#### AVAILABLE DATA:
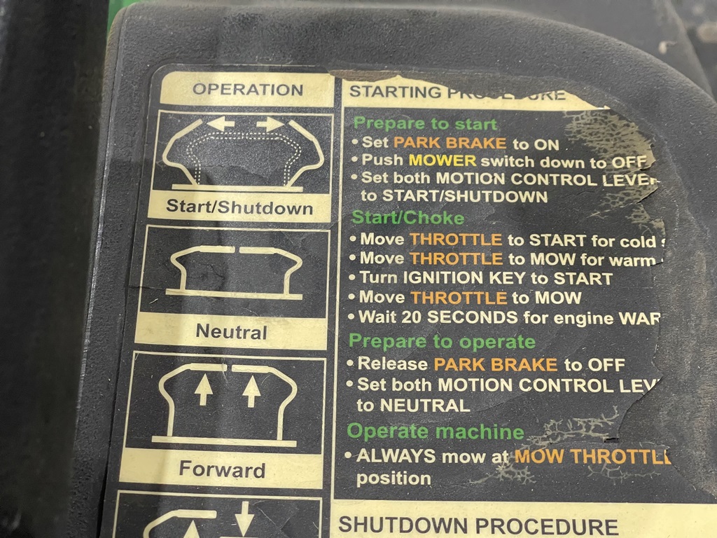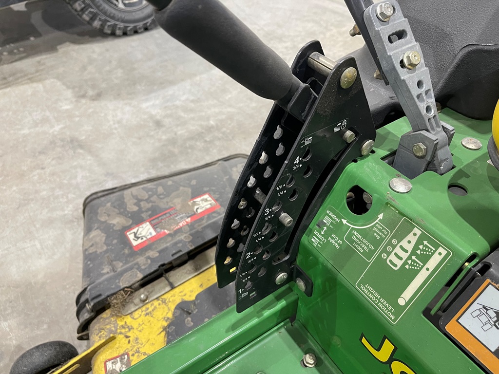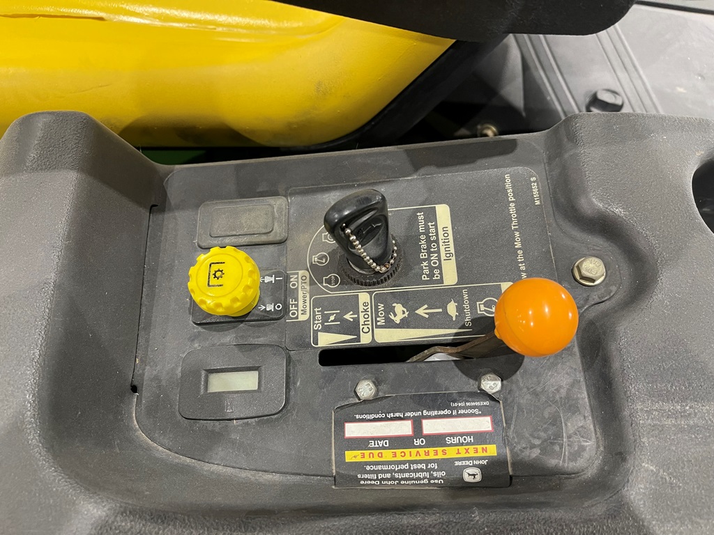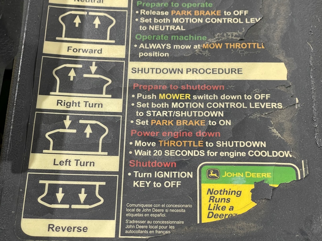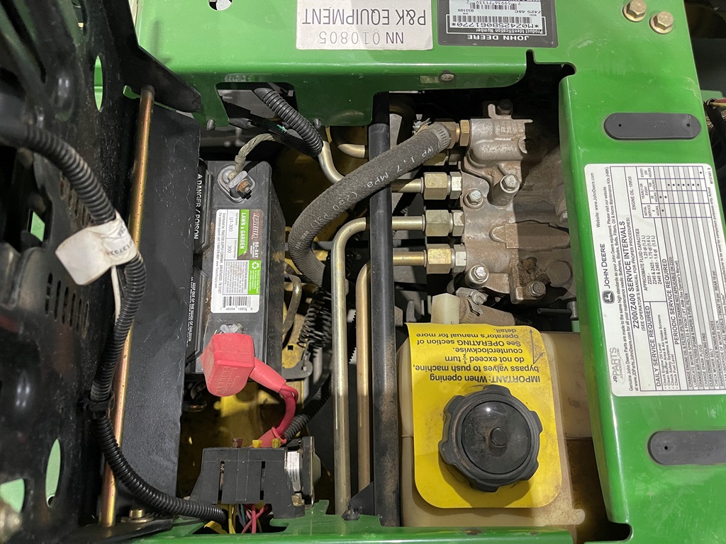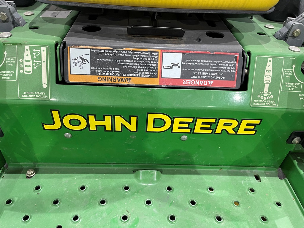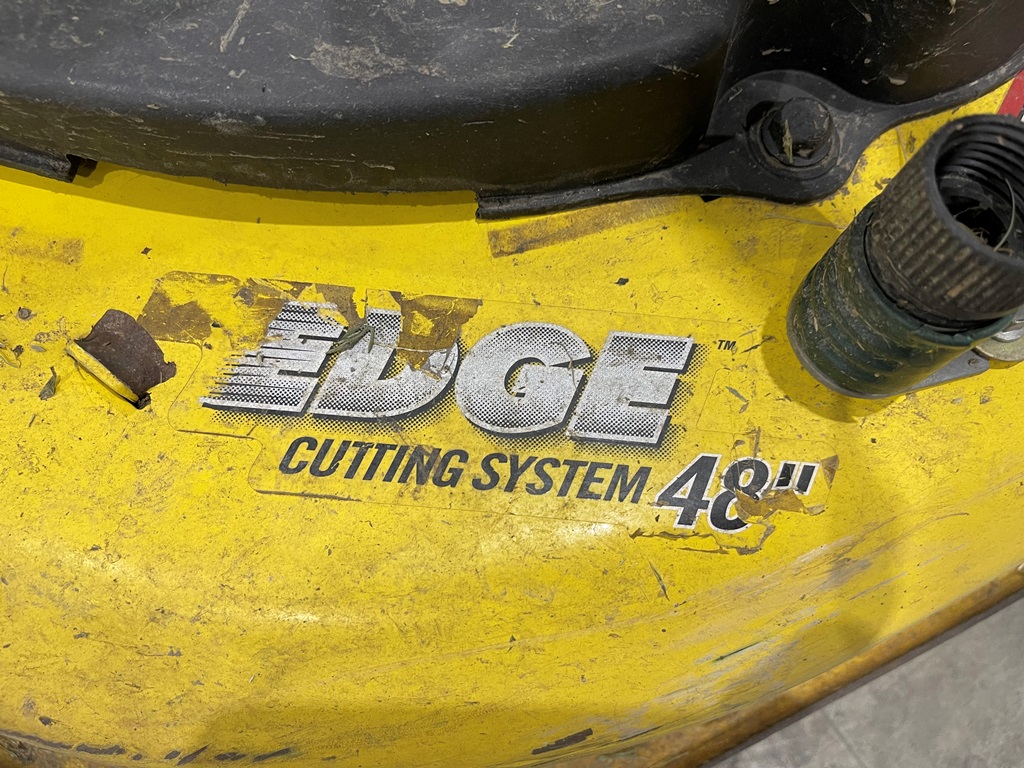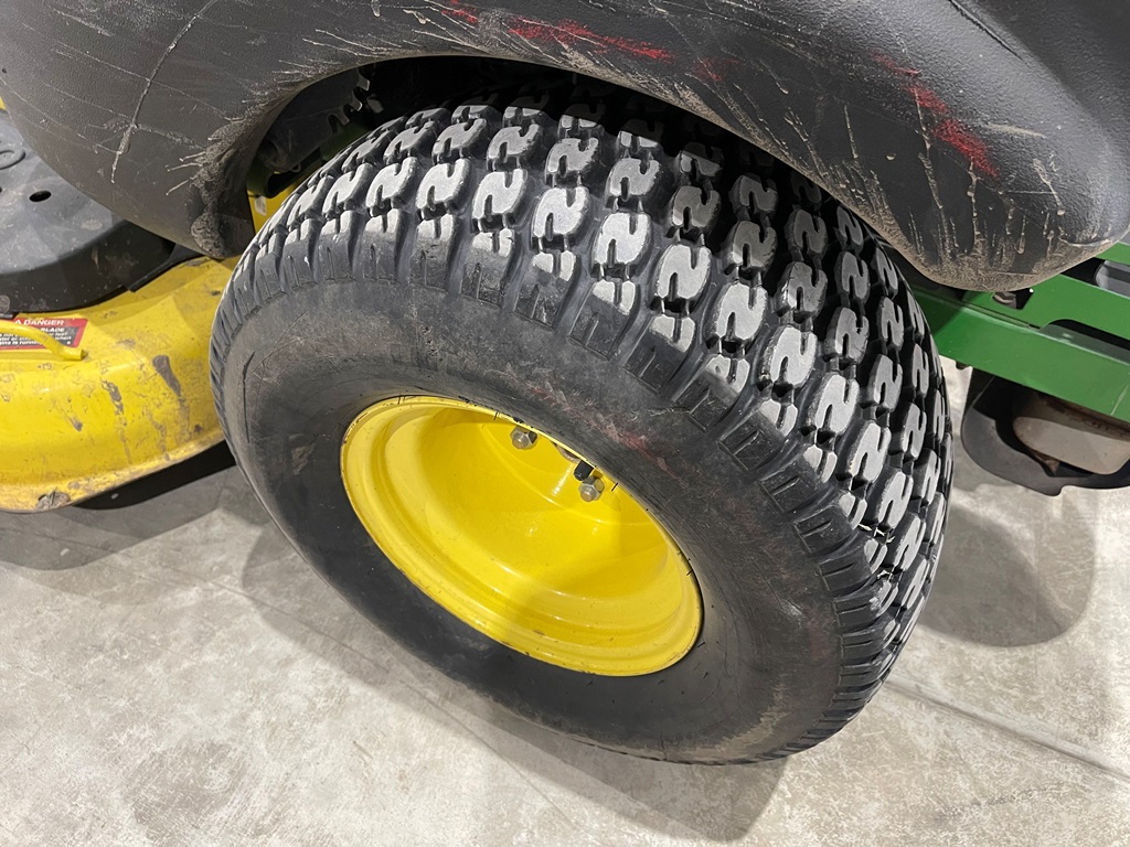 John Deere Z425 EZtrak Zero Turn Mower (NP3378), gas motor, EDGE 48" cutting system, single fuel tank, 22x9.50-10 rear tires, shows 424 hours.
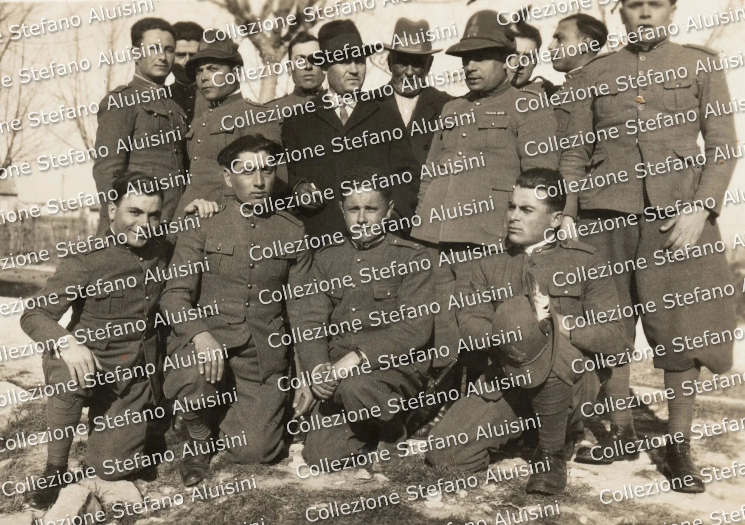 Gruppo di Finanzieri ritratto attorno a colui che pare essere invece un militare del Regio Esercito, seduto al centro, con le mostrine del colletto a due colori, insieme a due civili in piedi dietro di lui. Luogo ed epoca sconosciuti. Alle loro spalle, in alto, si intravede parte di una scritta, forse un cartello stradale (si legge solo un iniziale: “TRE…”). Notare la penna mezza bianca sul cappello alpino del Finanziere seduto a destra. Una fotografia senza tempo dove ogni volto pare volerci raccontare la sua storia dal passato (Collezione Stefano Aluisini).
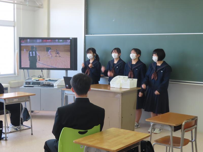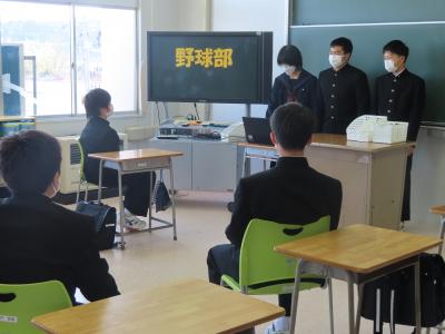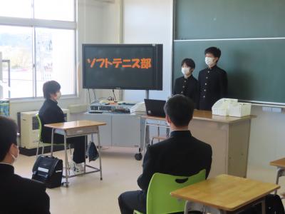 4月10日放課後、7年生教室(英語教室)において7年生を対象の部活動紹介式が行われました。紹介する8・9年生を代表して、9年生石井さんが「しっかり聞いて何部に入るか決めて、入ったら一緒に頑張りましょう」と立派にはじめの挨拶をしました。その後、ソフトテニス部、野球部、女子バスケットボール部の順番で、部員数、顧問名、活動場所、昨年度の試合の様子などを上手に紹介していました。7年生もしっかりと聞くことができました。会の締めとして、部活動入部までの流れを、部活動担当の八木先生が説明しました。本日より部活動見学と体験入部期間が始まりました。入部届けの期日が18日(木)となります。そして、7年生も19日から本格的に部活動がスタートします。5月に入ると各種大会も行われます。目標を持ってしっかりと取り組みましょう。
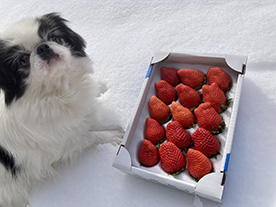 ![]() 千葉にお住まいのお友達・ひとみ ちゃんから届いた高級イチゴを前に 興奮気味のピアノ。 「週刊マミ自身」第724号 |

#### AIM OF THE EXERCISE:
Repeat the listing exactly, pictures excluded.

#### ANSWER FOR THE TASK:
 John Deere Z425 EZtrak Zero Turn Mower (NP3378), gas motor, EDGE 48" cutting system, single fuel tank, 22x9.50-10 rear tires, shows 424 hours.
 Gruppo di Finanzieri ritratto attorno a colui che pare essere invece un militare del Regio Esercito, seduto al centro, con le mostrine del colletto a due colori, insieme a due civili in piedi dietro di lui. Luogo ed epoca sconosciuti. Alle loro spalle, in alto, si intravede parte di una scritta, forse un cartello stradale (si legge solo un iniziale: “TRE…”). Notare la penna mezza bianca sul cappello alpino del Finanziere seduto a destra. Una fotografia senza tempo dove ogni volto pare volerci raccontare la sua storia dal passato (Collezione Stefano Aluisini).
 4月10日放課後、7年生教室(英語教室)において7年生を対象の部活動紹介式が行われました。紹介する8・9年生を代表して、9年生石井さんが「しっかり聞いて何部に入るか決めて、入ったら一緒に頑張りましょう」と立派にはじめの挨拶をしました。その後、ソフトテニス部、野球部、女子バスケットボール部の順番で、部員数、顧問名、活動場所、昨年度の試合の様子などを上手に紹介していました。7年生もしっかりと聞くことができました。会の締めとして、部活動入部までの流れを、部活動担当の八木先生が説明しました。本日より部活動見学と体験入部期間が始まりました。入部届けの期日が18日(木)となります。そして、7年生も19日から本格的に部活動がスタートします。5月に入ると各種大会も行われます。目標を持ってしっかりと取り組みましょう。
 ![]() 千葉にお住まいのお友達・ひとみ ちゃんから届いた高級イチゴを前に 興奮気味のピアノ。 「週刊マミ自身」第724号 |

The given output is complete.